If the `FINAL` subroutine doesn't use a descriptor -- and it
will not if there are no `LEN` type parameters -- the runtime
will have to allocate and populate a temporary array of copies
elements of the parent component of the array so that it can
be passed by reference to the `FINAL` subroutine.

### Defined assignment

A defined assignment subroutine for a derived type can be declared
by means of a generic `INTERFACE ASSIGNMENT(=)` and by means of
a generic type-bound procedure.
Defined assignments with non-type-bound generic interfaces are
resolved to specific subroutines at compilation time.
Most cases of type-bound defined assignment are resolved to their
bindings at compilation time as well (with possible runtime
resolution of overridable bindings).

Intrinsic assignment of derived types with components that have
derived types with type-bound generic assignments is specified
by subclause 10.2.1.3 paragraph 13 as invoking defined assignment
subroutines, however.

This seems to be the only case of defined assignment that may be of
interest to the runtime library.
If this is correct, then the requirements are somewhat constrained;
we know that the rank of the target of the assignment must match
the rank of the source, and that one of the dummy arguments of the
bound subroutine is a passed object dummy argument and satisfies
all of the constraints of one -- in particular, it's scalar and
polymorphic.

So the derived type information for a defined assignment needs to
comprise:
* address(es) of the subroutine
* whether the first, second, or both arguments are descriptors
* whether the subroutine is elemental (necessarily also impure)

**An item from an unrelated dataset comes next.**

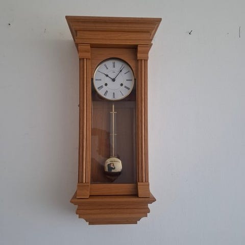 Bénodet Ginistère vægur 1960’erne med oval trækasse, messingvægte, mekanisk urværk med 8 dages gangreserve, oprindelse Frankrig, i god stand og i funktion, halvtime slag på flere klokker. Klik på den blå "gå til varen" knap, for at købe eller byde på denne vare. Den samlede pris vil blive vist inden du afgiver dit bud.

### User defined derived type I/O

Fortran programs can specify subroutines that implement formatted and
unformatted `READ` and `WRITE` operations for derived types.
These defined I/O subroutines may be specified with an explicit `INTERFACE`
or with a type-bound generic.
When specified with an `INTERFACE`, the first argument must not be
polymorphic, but when specified with a type-bound generic, the first
argument is a passed-object dummy argument and required to be so.
In any case, the argument is scalar.

Nearly all invocations of user defined derived type I/O subroutines
are resolved at compilation time to specific procedures or to
overridable bindings.
(The I/O library APIs for acquiring their arguments remain to be
designed, however.)
The case that is of interest to the runtime library is that of
NAMELIST I/O, which is specified to invoke user defined derived
type I/O subroutines if they have been defined.

The derived type information for a user defined derived type I/O
subroutine comprises:
* address(es) of the subroutine
* whether it is for a read or a write
* whether it is formatted or unformatted
* whether the first argument is a descriptor (true if it is a
  binding of the derived type, or has a `LEN` type parameter)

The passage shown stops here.